RECORD EXCERPTS:
/---

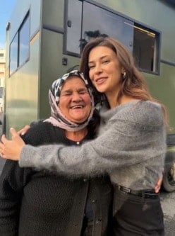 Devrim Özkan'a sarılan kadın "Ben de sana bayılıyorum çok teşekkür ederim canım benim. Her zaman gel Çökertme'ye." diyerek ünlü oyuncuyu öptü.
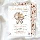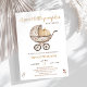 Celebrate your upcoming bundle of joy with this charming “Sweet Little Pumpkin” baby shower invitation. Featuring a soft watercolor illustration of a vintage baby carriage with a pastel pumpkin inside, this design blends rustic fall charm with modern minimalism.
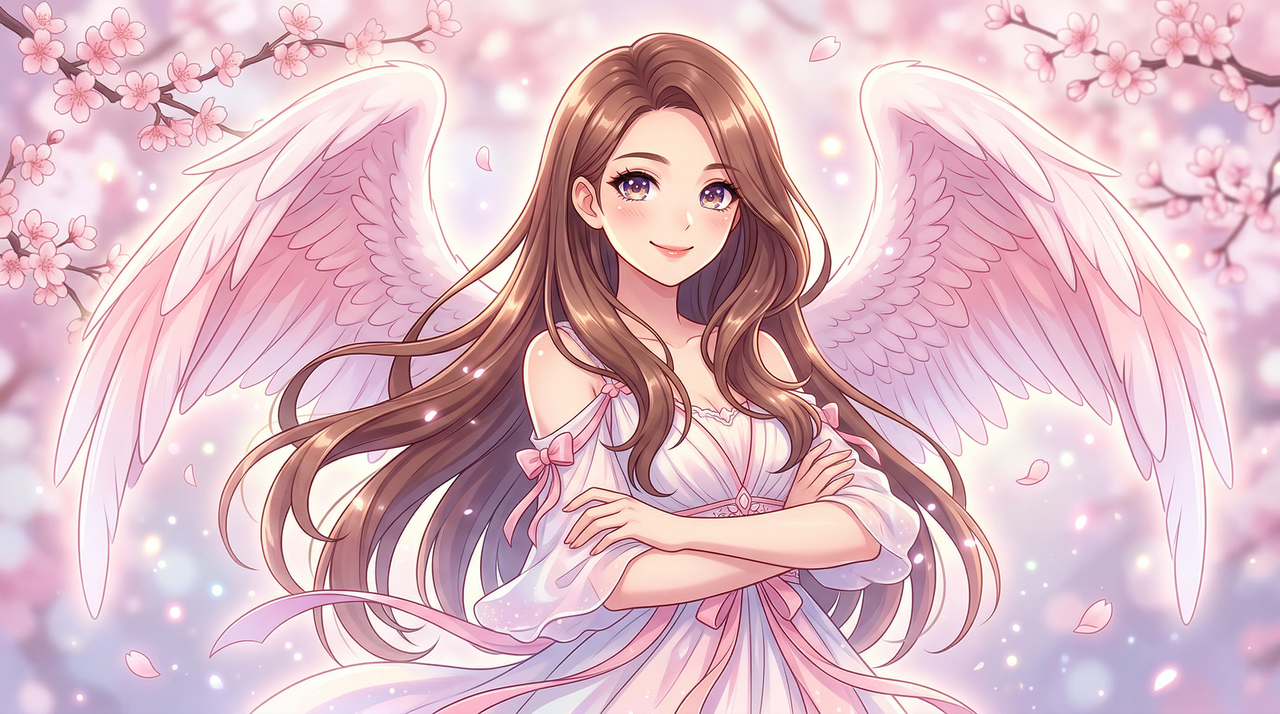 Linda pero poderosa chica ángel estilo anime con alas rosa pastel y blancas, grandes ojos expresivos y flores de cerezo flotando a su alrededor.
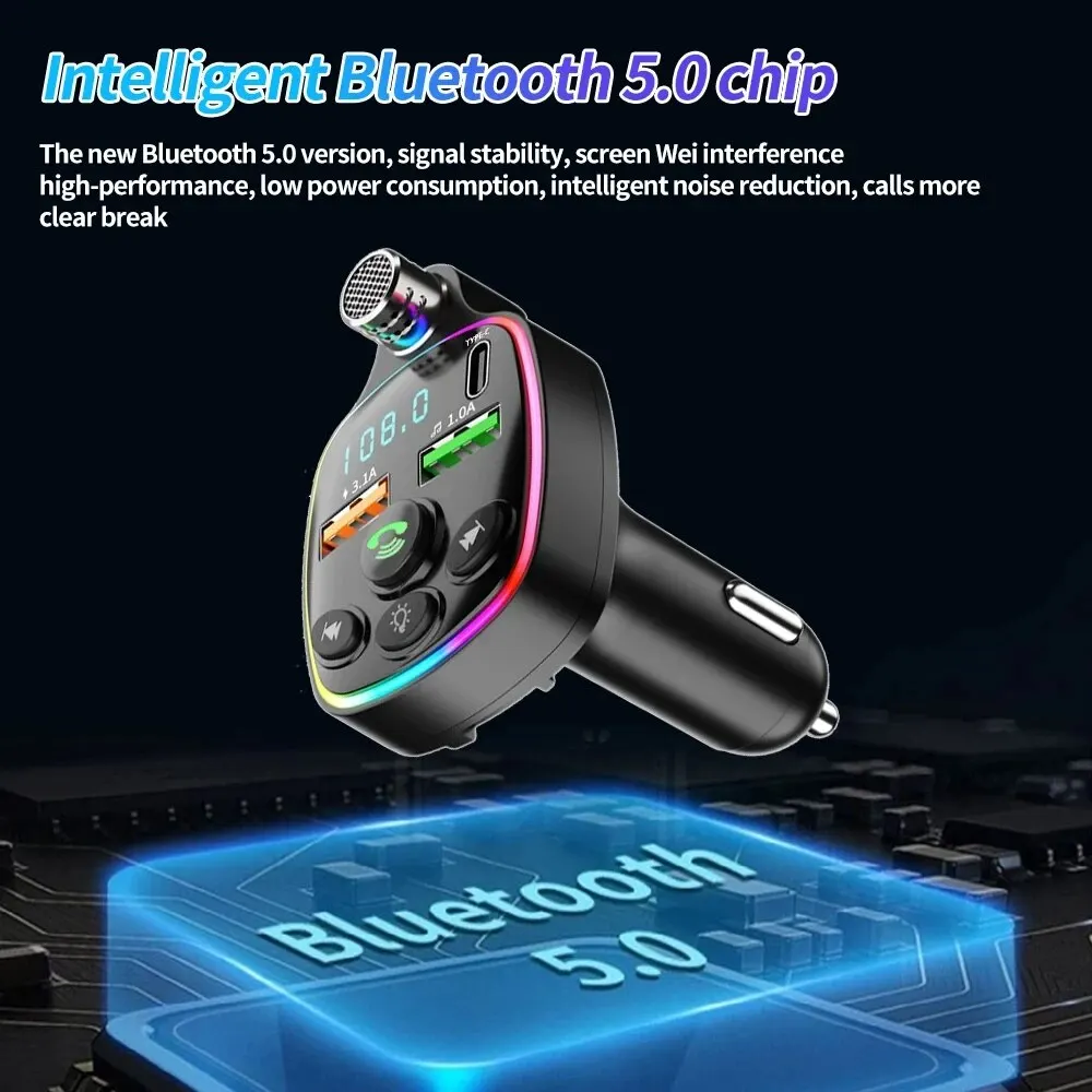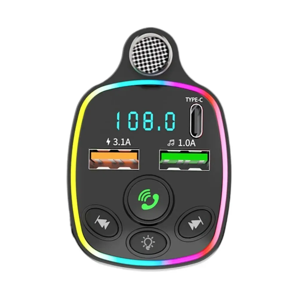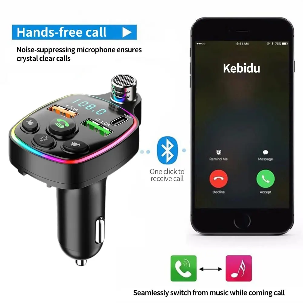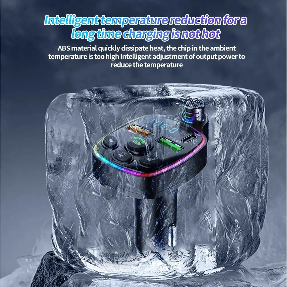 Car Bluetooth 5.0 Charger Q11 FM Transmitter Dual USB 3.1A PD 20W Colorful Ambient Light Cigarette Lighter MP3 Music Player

\---
/---

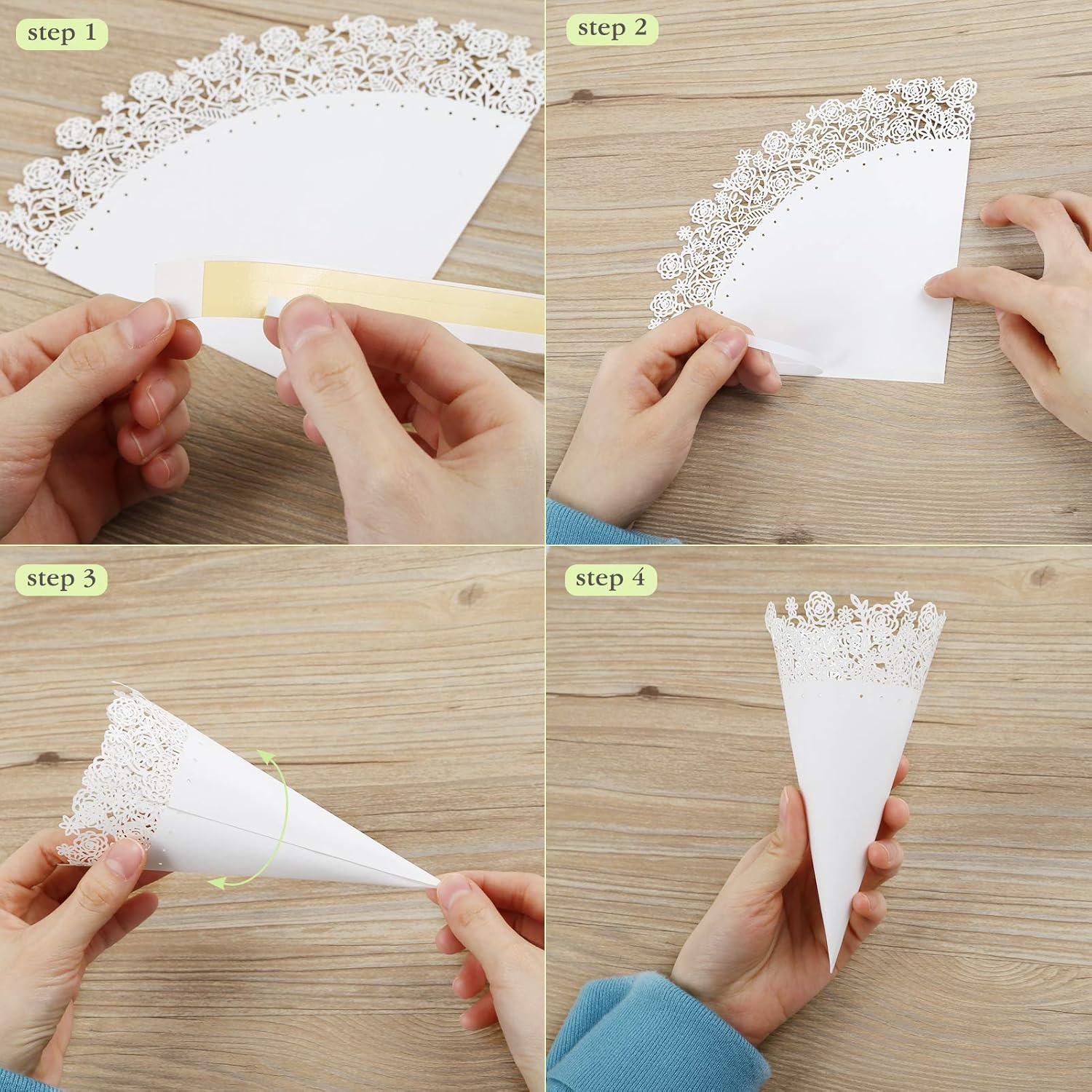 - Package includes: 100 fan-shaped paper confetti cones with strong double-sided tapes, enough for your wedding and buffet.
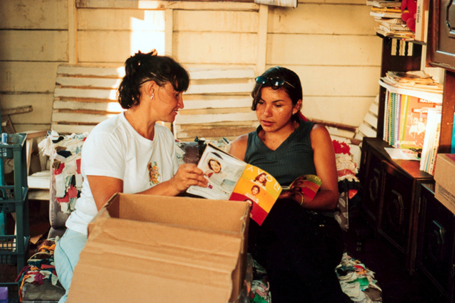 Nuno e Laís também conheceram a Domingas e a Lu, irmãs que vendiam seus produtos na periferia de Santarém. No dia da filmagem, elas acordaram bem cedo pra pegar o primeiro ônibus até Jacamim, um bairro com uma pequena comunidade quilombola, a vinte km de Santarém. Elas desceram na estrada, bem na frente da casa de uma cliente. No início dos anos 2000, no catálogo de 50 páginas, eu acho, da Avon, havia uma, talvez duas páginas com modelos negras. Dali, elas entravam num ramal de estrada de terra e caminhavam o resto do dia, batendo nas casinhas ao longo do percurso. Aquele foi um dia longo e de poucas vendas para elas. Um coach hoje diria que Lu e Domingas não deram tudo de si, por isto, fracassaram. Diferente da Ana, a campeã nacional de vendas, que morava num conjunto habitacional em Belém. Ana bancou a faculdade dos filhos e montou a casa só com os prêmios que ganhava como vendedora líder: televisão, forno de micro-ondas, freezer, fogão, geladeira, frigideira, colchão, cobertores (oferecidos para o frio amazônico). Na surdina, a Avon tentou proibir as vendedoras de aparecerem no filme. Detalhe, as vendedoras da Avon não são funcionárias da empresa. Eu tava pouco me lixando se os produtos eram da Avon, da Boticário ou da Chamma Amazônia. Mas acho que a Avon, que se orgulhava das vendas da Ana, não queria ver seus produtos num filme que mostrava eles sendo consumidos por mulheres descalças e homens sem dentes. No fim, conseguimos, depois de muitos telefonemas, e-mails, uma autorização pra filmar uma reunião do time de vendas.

\---

Please output, exactly as written, the lines above from the one holding "Devrim Özkan'a sarılan" through the one holding "Linda pero poderosa", both included, with the pictures omitted.

TASK ANSWER:
 Devrim Özkan'a sarılan kadın "Ben de sana bayılıyorum çok teşekkür ederim canım benim. Her zaman gel Çökertme'ye." diyerek ünlü oyuncuyu öptü.
 Celebrate your upcoming bundle of joy with this charming “Sweet Little Pumpkin” baby shower invitation. Featuring a soft watercolor illustration of a vintage baby carriage with a pastel pumpkin inside, this design blends rustic fall charm with modern minimalism.
 Linda pero poderosa chica ángel estilo anime con alas rosa pastel y blancas, grandes ojos expresivos y flores de cerezo flotando a su alrededor.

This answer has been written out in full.